=== Section Start ===
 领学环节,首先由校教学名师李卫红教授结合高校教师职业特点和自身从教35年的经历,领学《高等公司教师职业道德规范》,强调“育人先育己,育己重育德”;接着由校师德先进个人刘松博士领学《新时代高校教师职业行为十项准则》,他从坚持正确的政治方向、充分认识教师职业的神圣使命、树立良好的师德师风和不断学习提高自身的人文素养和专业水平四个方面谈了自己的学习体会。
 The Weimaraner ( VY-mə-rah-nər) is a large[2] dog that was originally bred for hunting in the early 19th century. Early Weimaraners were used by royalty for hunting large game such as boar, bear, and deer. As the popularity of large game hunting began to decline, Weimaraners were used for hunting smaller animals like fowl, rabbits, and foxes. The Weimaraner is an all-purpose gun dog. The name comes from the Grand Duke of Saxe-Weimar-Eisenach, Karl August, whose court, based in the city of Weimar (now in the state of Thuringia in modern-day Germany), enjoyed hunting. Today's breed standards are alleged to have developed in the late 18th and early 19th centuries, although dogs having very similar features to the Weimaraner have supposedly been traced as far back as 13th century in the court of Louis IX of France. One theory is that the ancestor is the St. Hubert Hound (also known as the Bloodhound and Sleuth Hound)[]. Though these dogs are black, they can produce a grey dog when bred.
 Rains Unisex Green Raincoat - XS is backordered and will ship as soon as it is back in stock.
=== Section End ===
=== Section Start ===
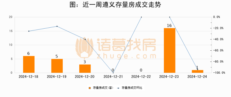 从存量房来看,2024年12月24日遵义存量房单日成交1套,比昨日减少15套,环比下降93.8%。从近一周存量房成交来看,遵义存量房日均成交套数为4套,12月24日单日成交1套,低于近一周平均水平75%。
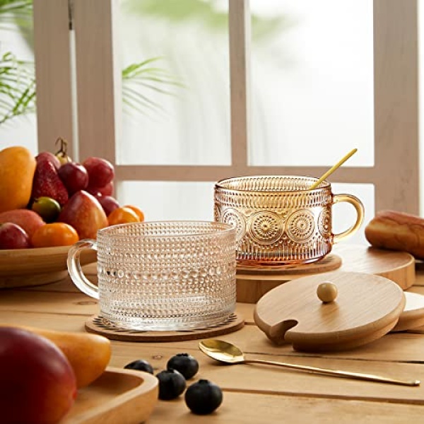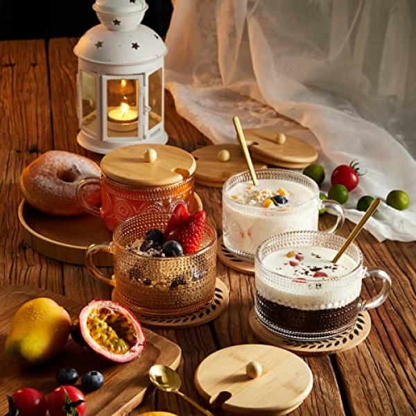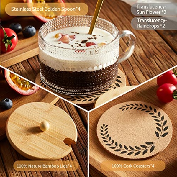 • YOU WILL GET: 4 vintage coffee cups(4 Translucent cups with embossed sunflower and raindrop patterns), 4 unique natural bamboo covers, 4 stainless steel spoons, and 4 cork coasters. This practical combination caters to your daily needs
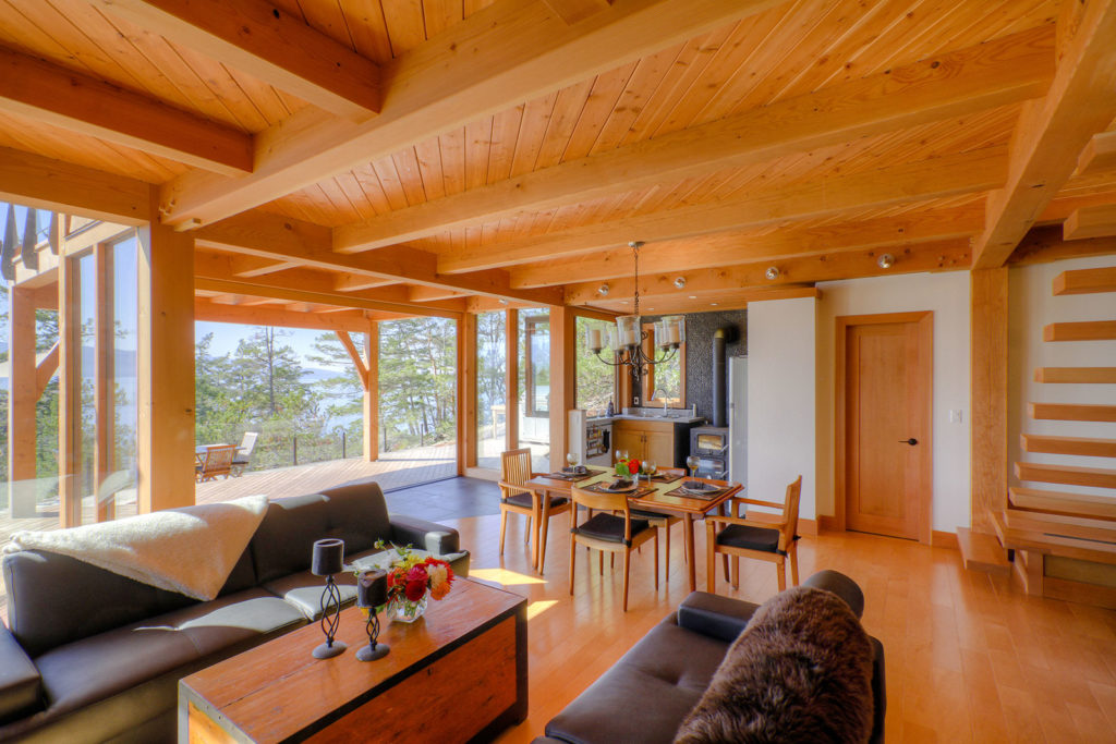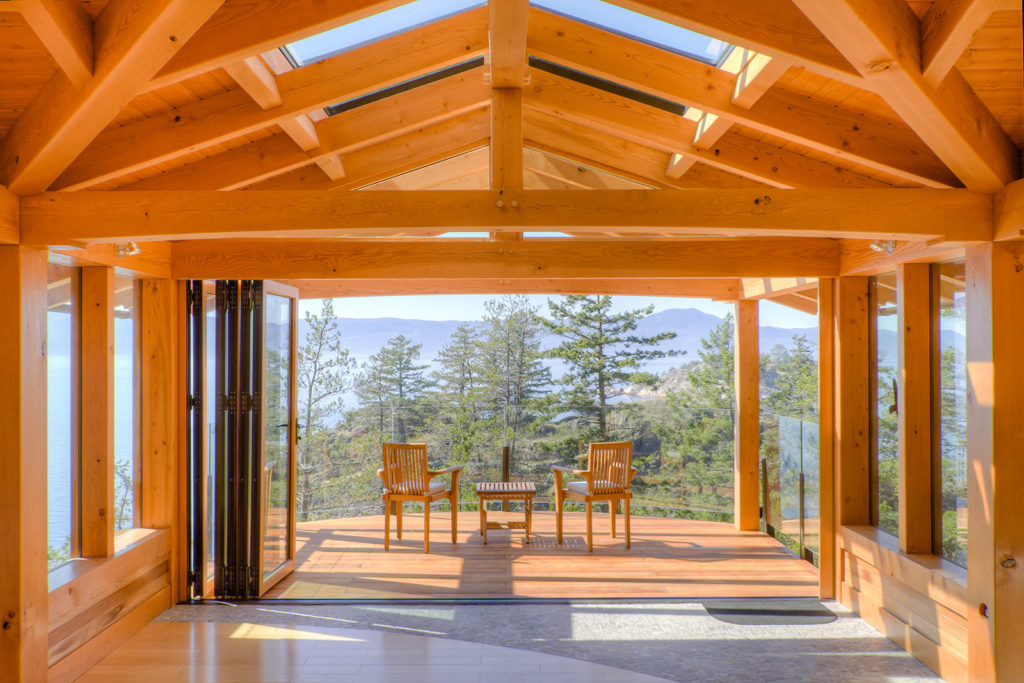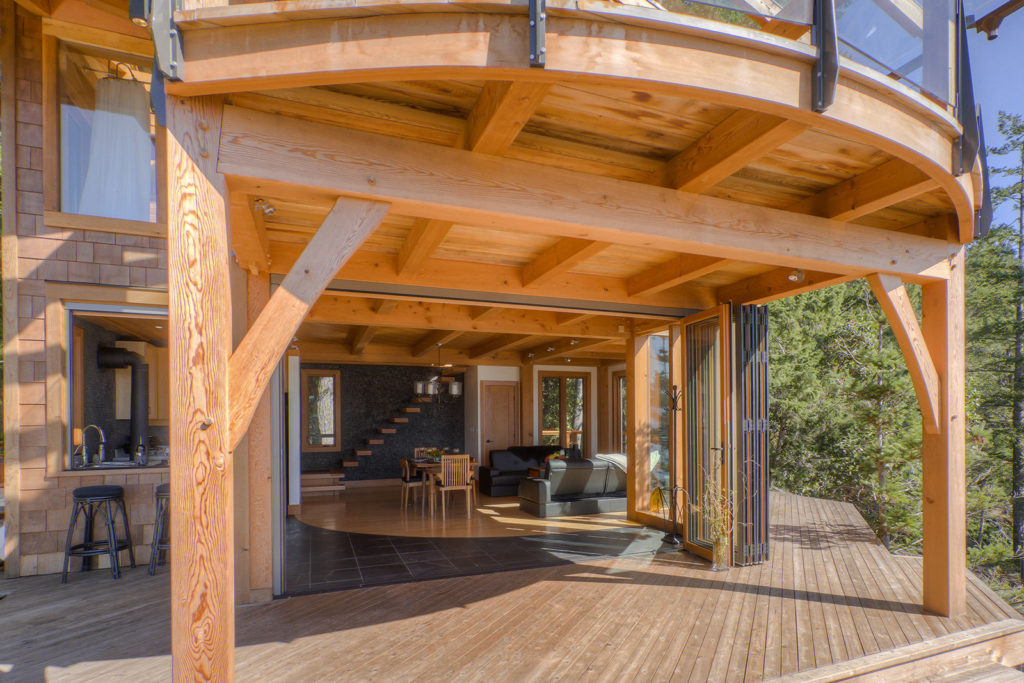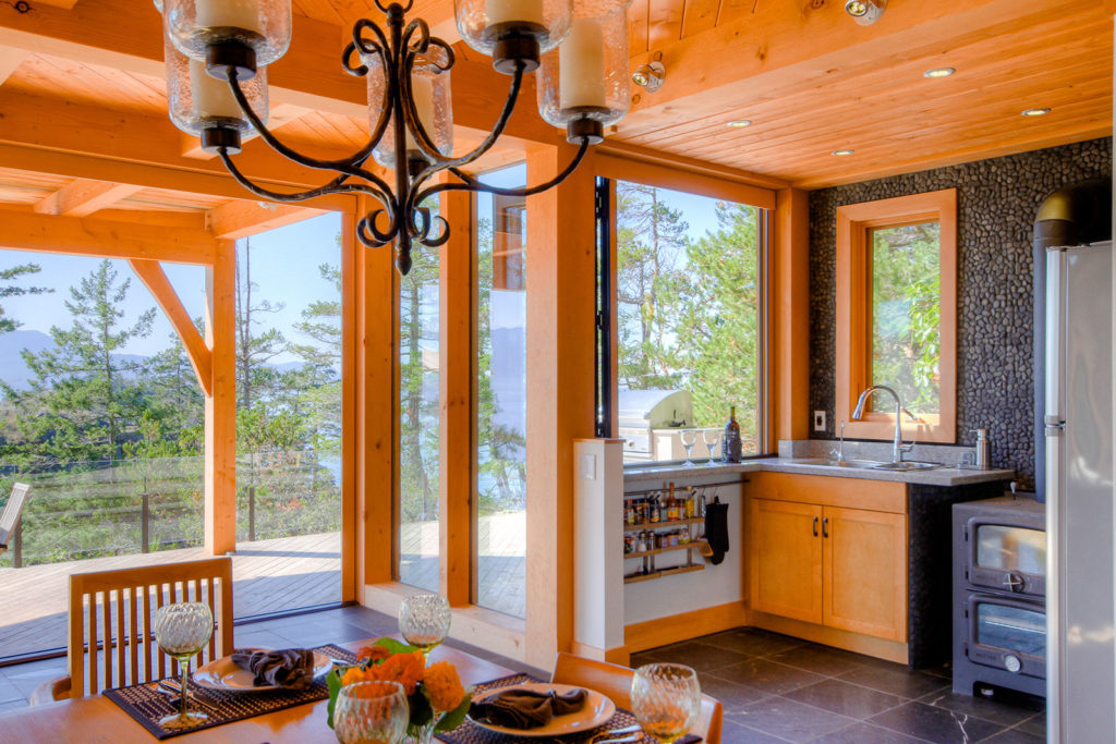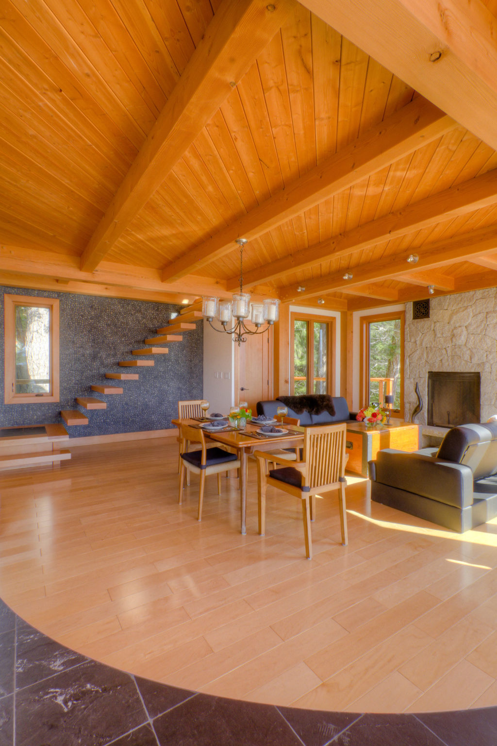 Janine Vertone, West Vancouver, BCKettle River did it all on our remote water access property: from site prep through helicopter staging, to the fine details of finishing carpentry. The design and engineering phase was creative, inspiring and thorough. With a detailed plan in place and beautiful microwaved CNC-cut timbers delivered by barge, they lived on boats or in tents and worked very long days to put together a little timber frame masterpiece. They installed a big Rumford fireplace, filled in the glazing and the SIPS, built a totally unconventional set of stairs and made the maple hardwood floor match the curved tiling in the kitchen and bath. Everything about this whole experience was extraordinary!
=== Section End ===
=== Section Start ===
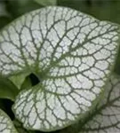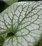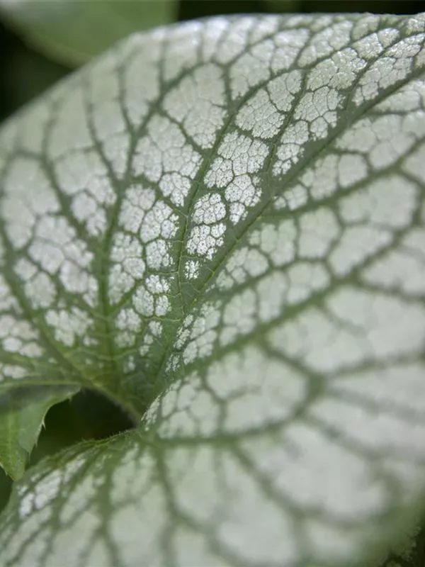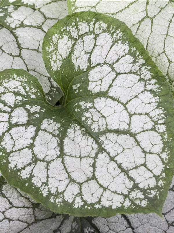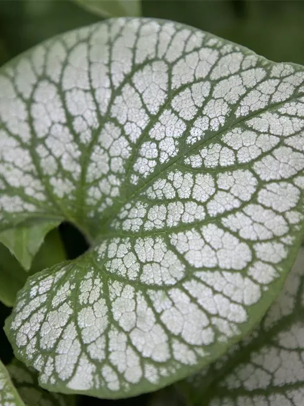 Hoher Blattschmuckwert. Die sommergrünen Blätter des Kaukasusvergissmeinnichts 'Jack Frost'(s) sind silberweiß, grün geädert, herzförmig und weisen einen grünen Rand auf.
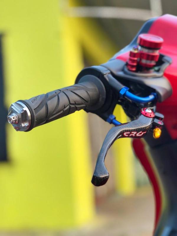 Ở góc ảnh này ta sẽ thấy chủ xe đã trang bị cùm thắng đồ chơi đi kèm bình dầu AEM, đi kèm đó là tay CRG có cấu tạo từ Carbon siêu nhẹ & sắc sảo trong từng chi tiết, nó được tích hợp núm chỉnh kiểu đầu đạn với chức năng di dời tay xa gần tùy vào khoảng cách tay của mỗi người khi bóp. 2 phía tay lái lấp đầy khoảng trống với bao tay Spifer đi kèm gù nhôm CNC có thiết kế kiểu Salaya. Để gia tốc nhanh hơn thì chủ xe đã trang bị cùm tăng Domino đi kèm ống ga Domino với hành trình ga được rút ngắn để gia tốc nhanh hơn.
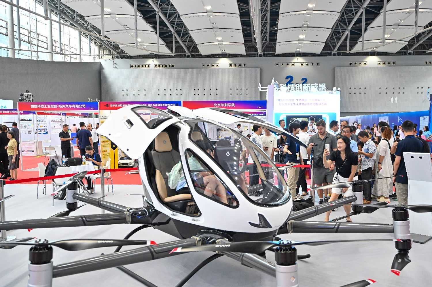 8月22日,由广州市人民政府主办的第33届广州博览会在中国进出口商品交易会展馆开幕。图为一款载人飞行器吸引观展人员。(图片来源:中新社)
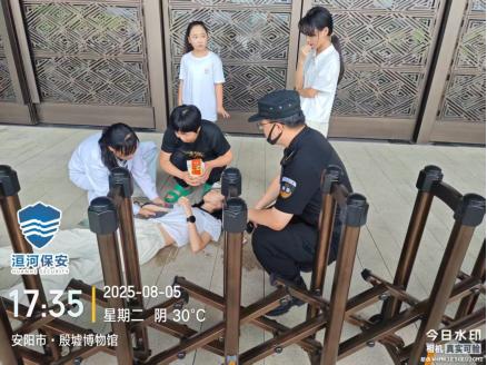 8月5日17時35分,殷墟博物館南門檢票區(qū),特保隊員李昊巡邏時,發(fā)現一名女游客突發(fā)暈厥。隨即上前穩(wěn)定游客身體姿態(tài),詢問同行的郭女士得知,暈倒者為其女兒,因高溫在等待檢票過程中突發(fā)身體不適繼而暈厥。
=== Section End ===
What do the entries above read from the line containing "Ở góc ảnh này" through the line containing "8月5日17時35分,殷墟博"? Output those lines exactly, both ends included, with the pictures left out.

● **The completed task**
 Ở góc ảnh này ta sẽ thấy chủ xe đã trang bị cùm thắng đồ chơi đi kèm bình dầu AEM, đi kèm đó là tay CRG có cấu tạo từ Carbon siêu nhẹ & sắc sảo trong từng chi tiết, nó được tích hợp núm chỉnh kiểu đầu đạn với chức năng di dời tay xa gần tùy vào khoảng cách tay của mỗi người khi bóp. 2 phía tay lái lấp đầy khoảng trống với bao tay Spifer đi kèm gù nhôm CNC có thiết kế kiểu Salaya. Để gia tốc nhanh hơn thì chủ xe đã trang bị cùm tăng Domino đi kèm ống ga Domino với hành trình ga được rút ngắn để gia tốc nhanh hơn.
 8月22日,由广州市人民政府主办的第33届广州博览会在中国进出口商品交易会展馆开幕。图为一款载人飞行器吸引观展人员。(图片来源:中新社)
 8月5日17時35分,殷墟博物館南門檢票區(qū),特保隊員李昊巡邏時,發(fā)現一名女游客突發(fā)暈厥。隨即上前穩(wěn)定游客身體姿態(tài),詢問同行的郭女士得知,暈倒者為其女兒,因高溫在等待檢票過程中突發(fā)身體不適繼而暈厥。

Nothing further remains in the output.